The prolonged crypto downturn has left a deep mark on digital asset treasury companies, revealing the fragility of a business model built around holding volatile crypto assets on company balance sheets.
Key points to remember:
- Digital asset treasury companies are under severe pressure as the month-long crypto downturn wipes billions in balance sheet value.
- XRP-focused Evernorth recorded $78 million in unrealized losses, while BitMine faces $2.1 billion in paper losses on its Ether holdings.
- Analysts warn that many Treasuries are at risk of collapsing as their market net asset value (mNAV) falls.
Both Bitcoin and Ether have fallen sharply over the past month, and with them, the valuations of companies that rely heavily on these securities for their value.
Evernorth faces $78m unrealized loss amid growing pressure on cash companies
New analysis by on-chain data firm CryptoQuant has highlighted the pressure these companies are facing, citing Evernorth, an XRP-focused treasury, as a key example.
The company reportedly suffered $78 million in unrealized losses on its XRP position just weeks after acquiring the tokens.
Even established giants like Strategy (MSTR), the original Bitcoin cash game, have been hit hard.
Strategy’s stock has fallen 26% over the past month amid Bitcoin’s decline and is now trading more than 50% below its all-time high, according to Google Finance.
Nonetheless, the company remains in the green when it comes to its Bitcoin reserves, with an average cost of around $74,000 per BTC, according to data from BitcoinTreasuries.net.
The pain is not limited to Bitcoin treasures. BitMine, the largest Ether holding company, now bears approximately $2.1 billion in unrealized losses related to its 3.4 million ETH holdings.
The company acquired over 565,000 ETH in the last month alone, increasing its exposure to Ethereum’s price fluctuations.
The sale reignited debate over the sustainability of digital asset treasury (DAT) companies, companies that reflect Bitcoin’s “digital gold” thesis by holding crypto as a strategic reserve. Analysts have warned that many DATs are facing serious valuation stress as their market net asset value (mNAV) collapses in tandem with crypto prices.
Some venture capital analysts, including those at Breed Capital, say Bitcoin-focused Treasuries could be the most resilient, while others liken the current environment to the dot-com bubble.
Novogratz Claims Treasury Crypto Boom Has Peaked
Michael Novogratz, CEO of Galaxy Digital, believes that the wave of new crypto treasury companies has likely reached its peak, with attention now turning to existing companies that can scale and dominate.
Speaking during Galaxy’s second-quarter earnings conference call, he said: “We’ve probably gone through a peak in treasury company issuance,” signaling a more competitive phase to come.
The rise of treasury-based crypto companies has been fueled by favorable US regulations, with companies like Strategy, GameStop, Trump Media and SharpLink allocating reserves to Bitcoin, Ethereum and other digital assets.

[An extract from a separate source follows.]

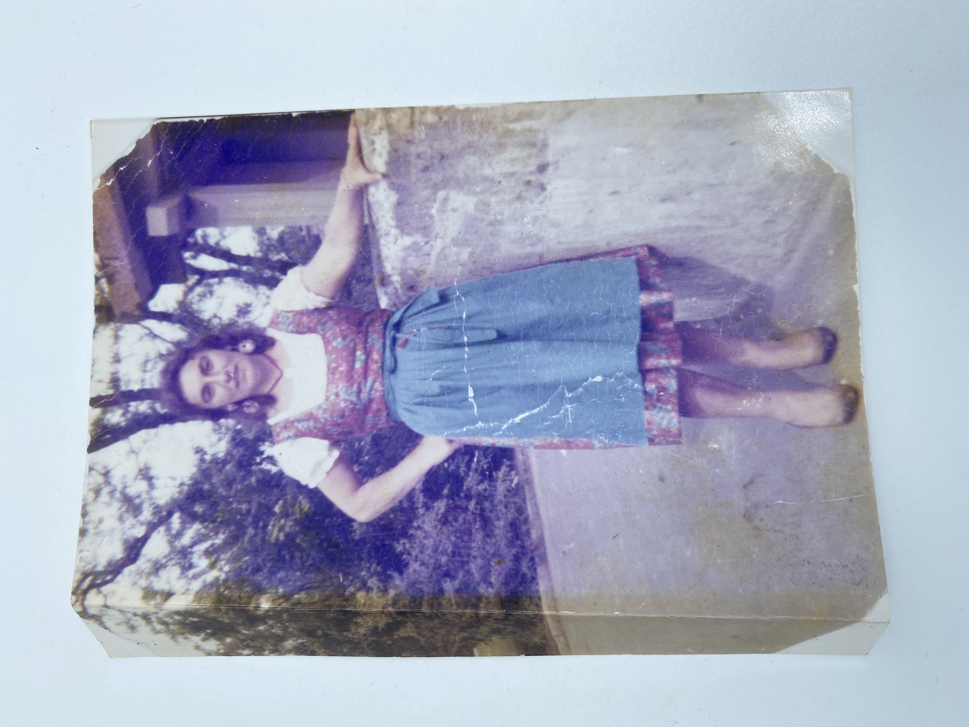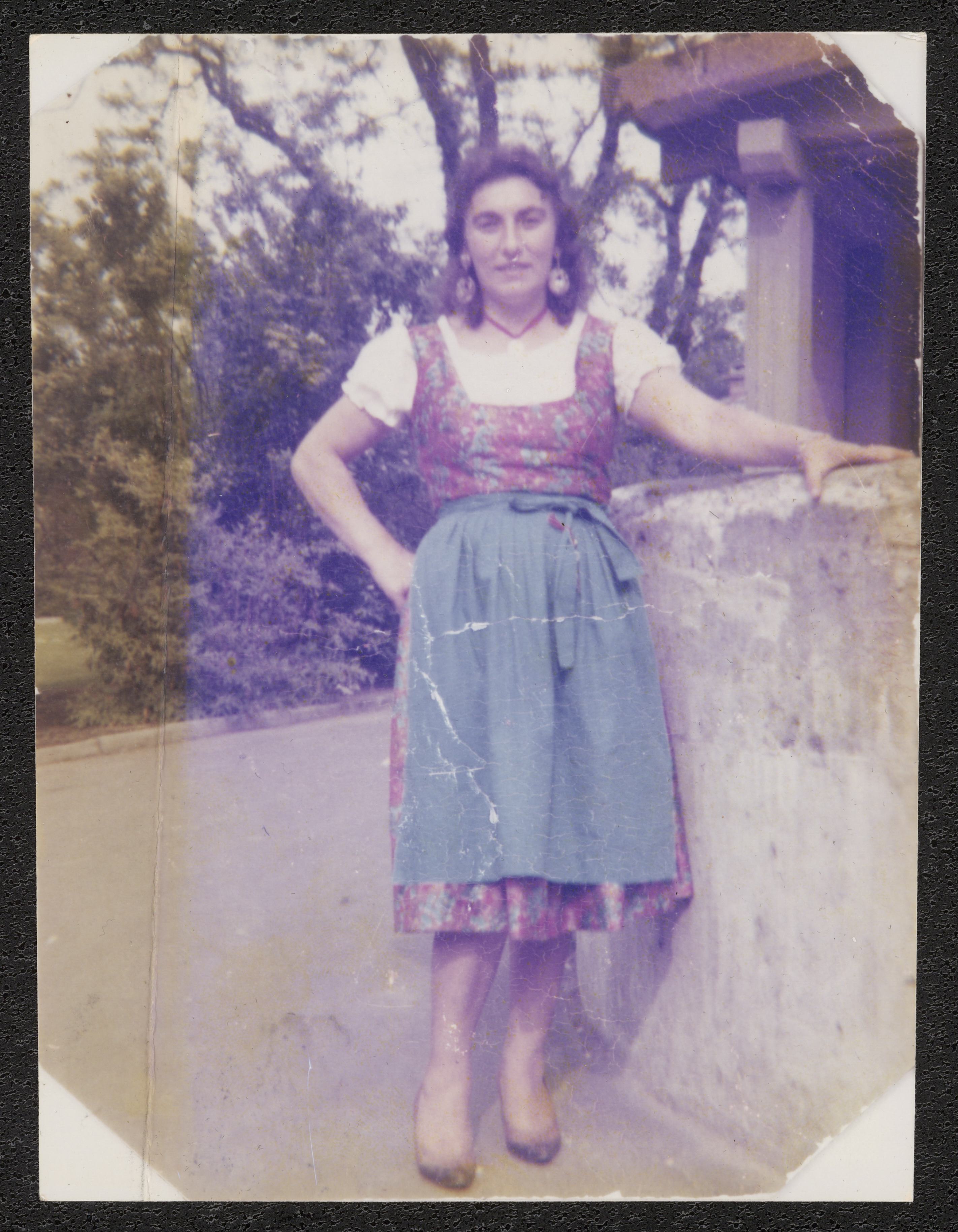 Anni Kaldaras (f. Laubinger) föddes som tysk Sinti, och överlevde folkmordet på romer under Förintelsen. Fotografiet är taget efter att Anni kom till Sverige i slutet av 1950-talet. På bilden står hon vid en betongmur med ena handen vilande mot murens ovansida. Fotografiet är vikt längs ena långsidan, och förefaller vara en kopia av en skadad originalbild. Sökningar i Arolsen Archives visar att Anni deporterades från den tyska orten Neumünster i provinsen Schleswig-Holstein den 16 maj 1940 till koncentrationslägret Belzec (Troligen Belzec I) i östra Polen den 16 maj 1940. Hon finns därefter registrerad i ”KZ Grichow” (troligen ett mindre koncentrationsläger) och därefter befriad i Lublin 22 maj 1944. Deportationen till Belzec överensstämmer med deportationen av 1140 Sinti till Belzec från nordtyskland under våren 1940. Befrielsen i Lublin överensstämmer med tiden för tömningen av dödslägret Majdanek som pågick under våren 1944, fram till befrielsen i juli. Varför Anni befriades istället för att flyttas till ett annat läger framgår inte av arkivkällorna.
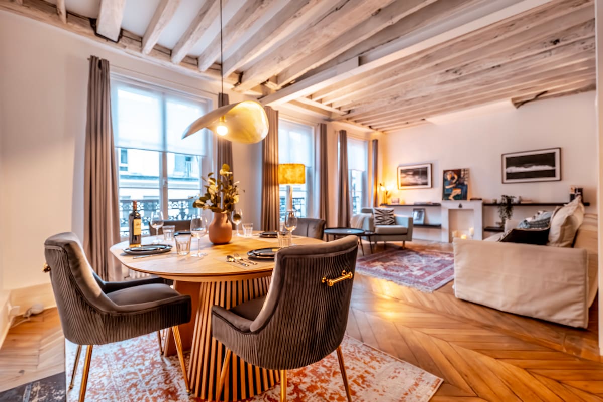 Jūs uzturēsieties pilnībā mēbelētā un aprīkotā dzīvoklī. Šis luksusa, Parīzes stila iedvesmotais dzīvoklis, silts un viesmīlīgs, piedāvās jums viesnīcas komfortu, vienlaikus sniedzot jums sajūtu, ka esat mājās. Dzīvoklis atrodas Parīzes centrā ar sabiedrisko transportu un daudziem populāriem apskates objektiem pie durvīm.

However, Novogratz warned that saturation could make it harder for newcomers to gain traction, especially as Ethereum-focused treasures like BitMine and SharpLink continue to expand.
Retail investors seeking exposure to Bitcoin through public companies like Metaplanet and Michael Saylor’s Strategy have lost approximately $17 billion, according to a new report from 10x Research.
The company said the losses came from share premiums that once valued these companies well above the value of their Bitcoin holdings, premiums that have now evaporated.
The article Crypto Treasuries Take Hit as Month-Long Market Crisis Erodes Balance Sheets appeared first on Cryptonews.